Au Sénat, chacun compte y participer de différentes manières, chacun à sa façon. Si je suis invitée dans mon territoire, à participer à des réunions publiques qui sont à l’initiative de nos concitoyens, j’y assisterai, mais je ne serai pas là sur le devant de la scène pour organiser ou pour diligenter les thèmes d’un débat », prévient la sénatrice (LR) Dominique Estrosi Sassone, qui voit sa place « dans l’assistance, au milieu des citoyens ».

Chez les centristes, Loïc Hervé considère qu’ « entraver le débat serait un tort ». Restant dans ses habits de représentant des collectivités locales, le sénateur de Haute-Savoie envisage les deux prochains mois, comme l’exercice du mandat sénatorial : aller au contact des élus locaux. « J’ai envie d’aller à la rencontre des élus, dans les intercommunalités, débattre de la partie du débat national qui concerne les collectivités, le fonctionnement de l’État dans les territoires ».

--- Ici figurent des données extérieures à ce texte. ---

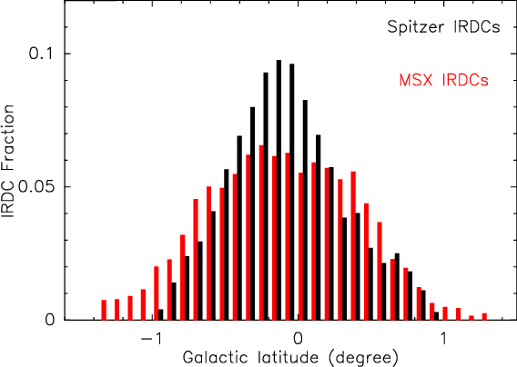 The first large survey of IRDCs was undertaken by Simon et al. (2006a) using the mid-infrared data of the MSX satellite. In total, Simon et al. detected more than 10 000 IRDCs, with sizes larger than (36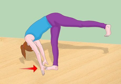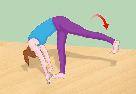 Grab the ankle of your standing leg. A final variation, that will deepen the stretch, just involves you reaching around and grabbing he ankle of your standing leg with the opposite hand when you are in a Standing Split. This variation requires a lot of balance and composure, so be sure you are breathing with a nice, steady rhythm and completely in control before you attempt it.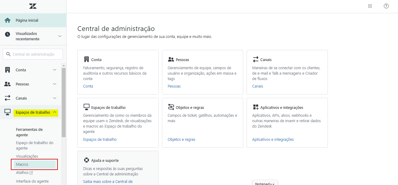 A utilização e a criação de macros são feitas no Support | Espaço de trabalho do agente. O processo é simples, conforme descrito no passo a passo: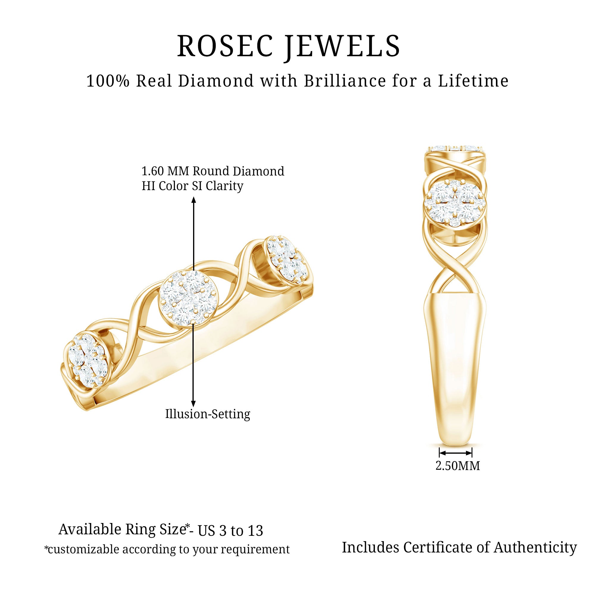 The Diamond Wedding Band is a stunning symbol of your eternal commitment, while offering a lot of beautiful bling. Crafted with meticulous attention to detail, this Ring features an endless loop of infinity design along with the Illusion Setting of Diamond that brilliantly sparkles from every angle. Beautiful infinity design represents a love with no beginning and no end. The unique Infinity Knot Ring ensures a perfect, uninterrupted flow of light, creating a breathtaking circle of sparkle that wraps around the finger. As a powerful and elegant symbol of forever, this Infinity Band Ring is a stunning and enduring reminder of your unending commitment. Having no bounds, this Infinity Wedding Ring traces the infinity symbol that shimmers with every movement. The elegant and timeless design ensures it will beautifully complement your engagement ring or stand on its own as a singular statement of everlasting love. A beautiful and awe-inspiring design of an Infinity Diamond Ring that you can walk down the aisle in style.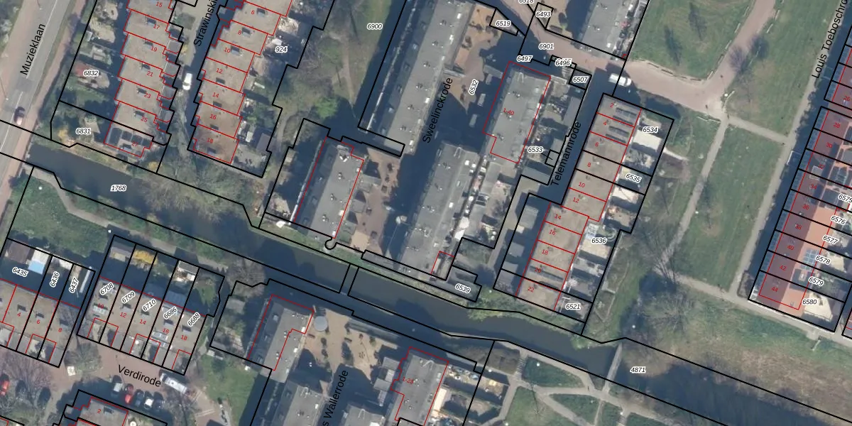 Het perceel waarop Sweelinckrode 24 staat heeft een oppervlakte van 2839 m². Dit is een zeer groot perceel. De perceeloppervlakte wordt geregistreerd door het Kadaster. Gedetailleerde informatie over de maten van dit perceel kunt u vinden in het rapport Kadastrale kaart met maatvoering van Sweelinckrode 24.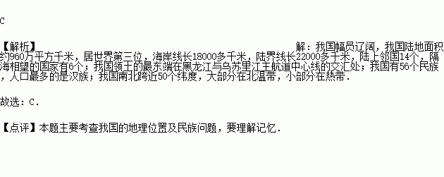 我国幅员辽阔,地域差异大,是一个团结统一的多民族大家庭.根据所学知识判断下列叙述,正确的是( )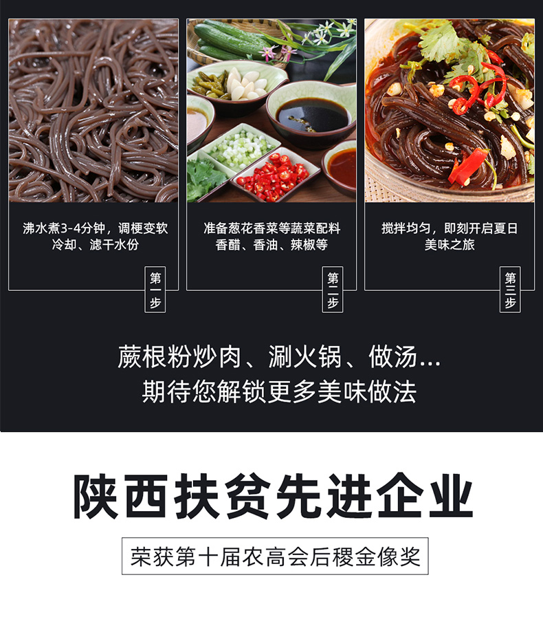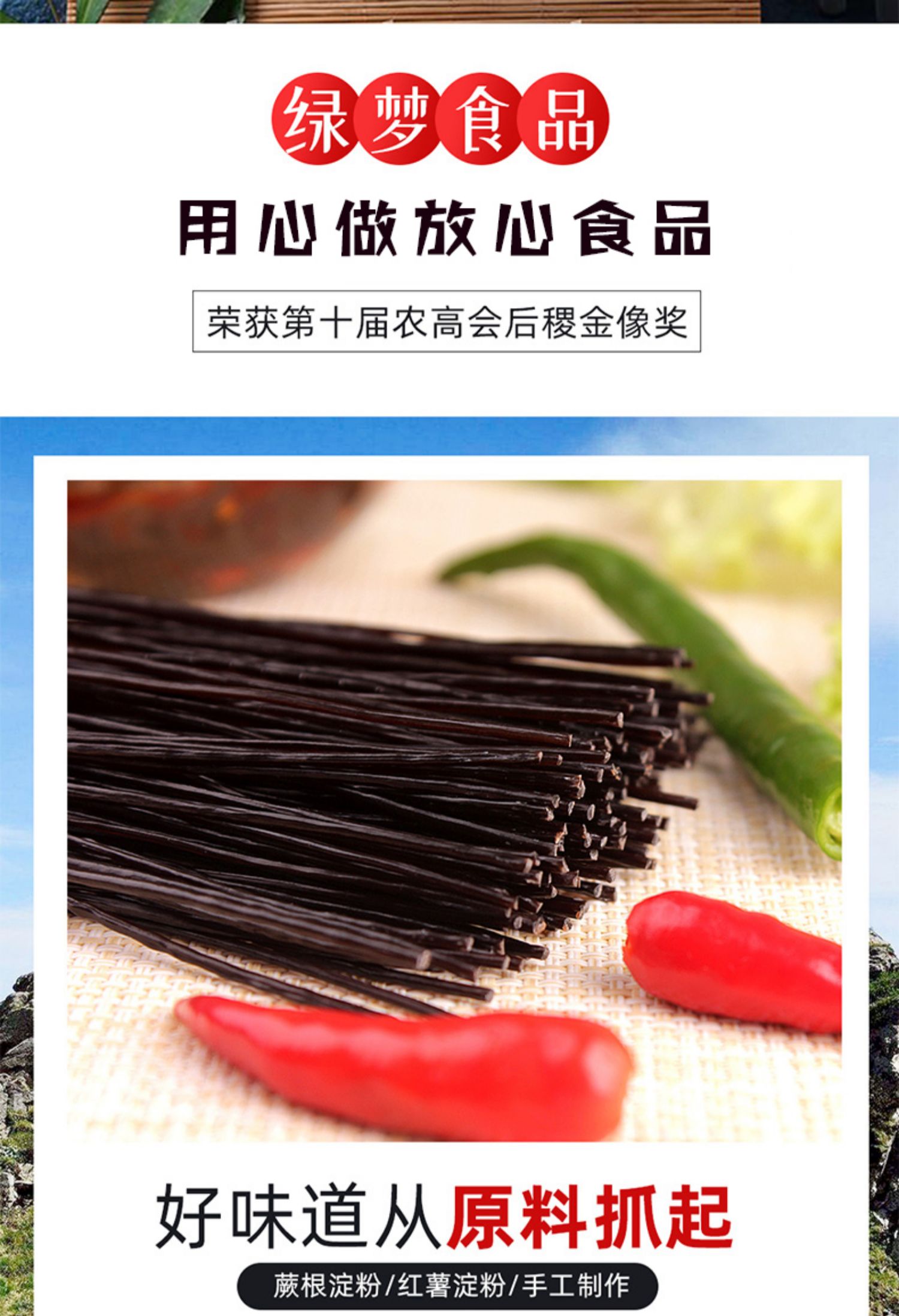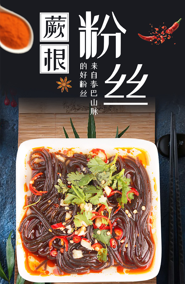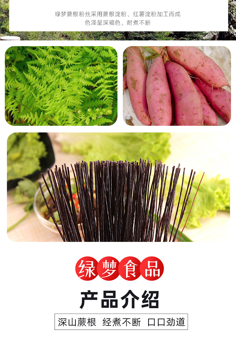 来自秦巴山脉的好粉丝,野生蕨根粉选用红薯和蕨根淀粉精致而成,纯绿色食品,呈深褐色久煮不断,柔韧Q弹,根根劲道,口感细腻,风味独特!

Mais être présent ne signifie pas y croire. Les doutes sur l’utilité réelle du grand débat national sont très prégnants à la Haute assemblée. « J’aime beaucoup les assemblées, j’ai même fait celle de 68, mais honnêtement ce n’est pas de ce type de débat que l’on peut attendre une décision. On peut attendre en revanche un diagnostic, un baromètre, des indicateurs. Des solutions, je n’y crois pas », avoue Gérard Longuet (LR).

Grand débat national : « ce n’est pas de ce type de débat que l’on peut attendre une décision »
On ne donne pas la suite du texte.